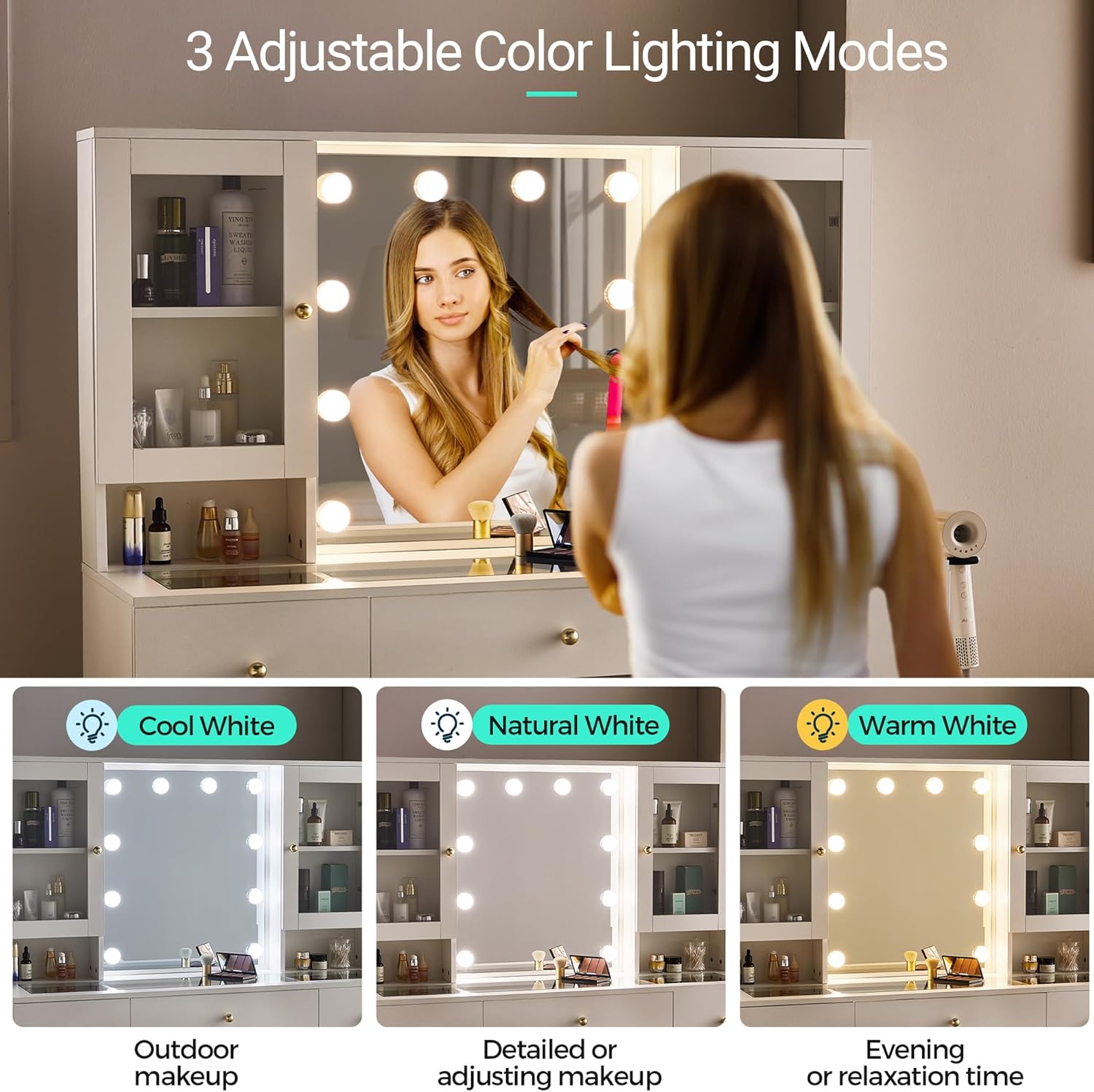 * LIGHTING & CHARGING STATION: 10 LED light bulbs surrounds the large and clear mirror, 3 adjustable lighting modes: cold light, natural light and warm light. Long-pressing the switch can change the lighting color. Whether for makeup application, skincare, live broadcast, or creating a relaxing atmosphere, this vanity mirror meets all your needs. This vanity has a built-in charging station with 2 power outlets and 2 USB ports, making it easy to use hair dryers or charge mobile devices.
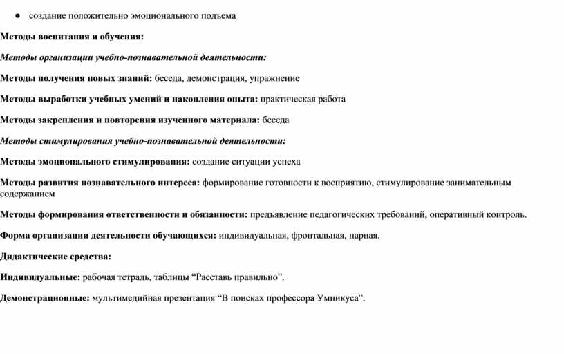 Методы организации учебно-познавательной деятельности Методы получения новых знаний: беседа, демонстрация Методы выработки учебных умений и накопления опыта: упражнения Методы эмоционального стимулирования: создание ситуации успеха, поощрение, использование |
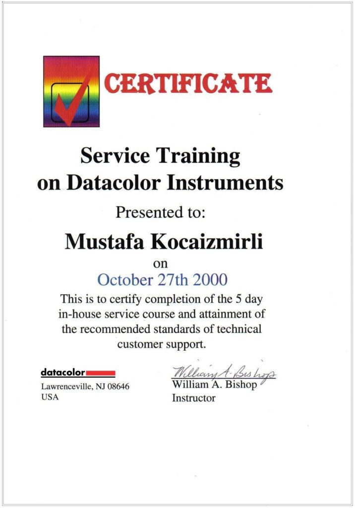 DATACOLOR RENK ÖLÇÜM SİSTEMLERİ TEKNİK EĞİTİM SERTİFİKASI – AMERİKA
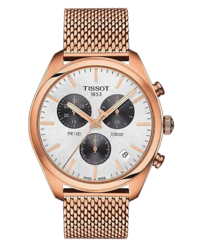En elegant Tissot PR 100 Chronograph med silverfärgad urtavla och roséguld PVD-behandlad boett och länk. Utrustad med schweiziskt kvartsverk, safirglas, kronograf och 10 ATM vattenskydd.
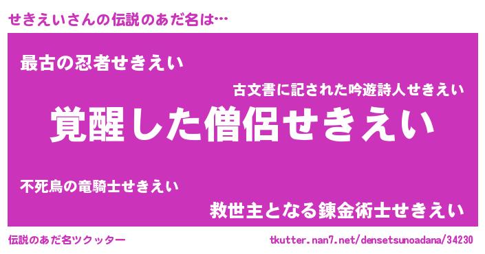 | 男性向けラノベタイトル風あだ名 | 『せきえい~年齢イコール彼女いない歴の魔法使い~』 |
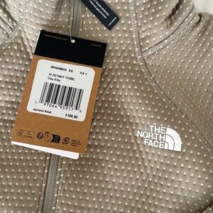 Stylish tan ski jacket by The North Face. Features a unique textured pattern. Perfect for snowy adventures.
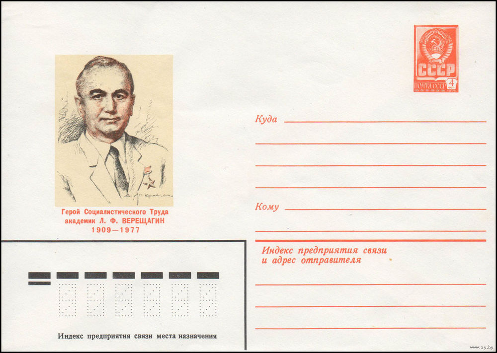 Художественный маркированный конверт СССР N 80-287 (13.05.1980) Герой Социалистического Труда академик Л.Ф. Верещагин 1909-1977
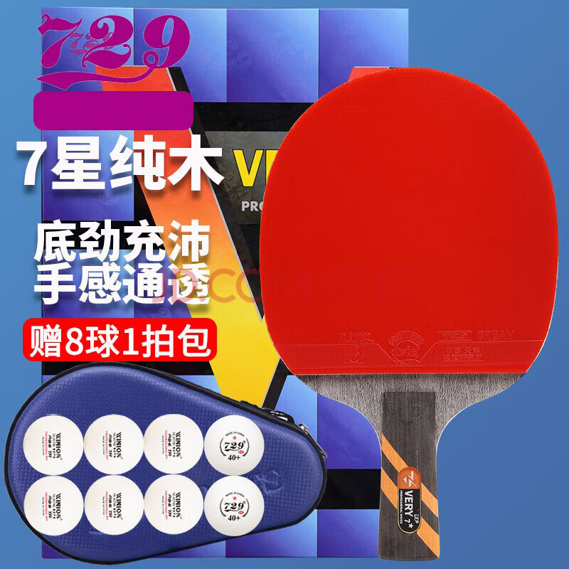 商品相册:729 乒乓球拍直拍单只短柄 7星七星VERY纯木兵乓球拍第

TASK DIRECTIONS
Print the preceding material over again exactly. Please leave the pictures out.

YOUR RESPONSE
 * LIGHTING & CHARGING STATION: 10 LED light bulbs surrounds the large and clear mirror, 3 adjustable lighting modes: cold light, natural light and warm light. Long-pressing the switch can change the lighting color. Whether for makeup application, skincare, live broadcast, or creating a relaxing atmosphere, this vanity mirror meets all your needs. This vanity has a built-in charging station with 2 power outlets and 2 USB ports, making it easy to use hair dryers or charge mobile devices.
 Методы организации учебно-познавательной деятельности Методы получения новых знаний: беседа, демонстрация Методы выработки учебных умений и накопления опыта: упражнения Методы эмоционального стимулирования: создание ситуации успеха, поощрение, использование |
 DATACOLOR RENK ÖLÇÜM SİSTEMLERİ TEKNİK EĞİTİM SERTİFİKASI – AMERİKA
En elegant Tissot PR 100 Chronograph med silverfärgad urtavla och roséguld PVD-behandlad boett och länk. Utrustad med schweiziskt kvartsverk, safirglas, kronograf och 10 ATM vattenskydd.
 | 男性向けラノベタイトル風あだ名 | 『せきえい~年齢イコール彼女いない歴の魔法使い~』 |
 Stylish tan ski jacket by The North Face. Features a unique textured pattern. Perfect for snowy adventures.
 Художественный маркированный конверт СССР N 80-287 (13.05.1980) Герой Социалистического Труда академик Л.Ф. Верещагин 1909-1977
 商品相册:729 乒乓球拍直拍单只短柄 7星七星VERY纯木兵乓球拍第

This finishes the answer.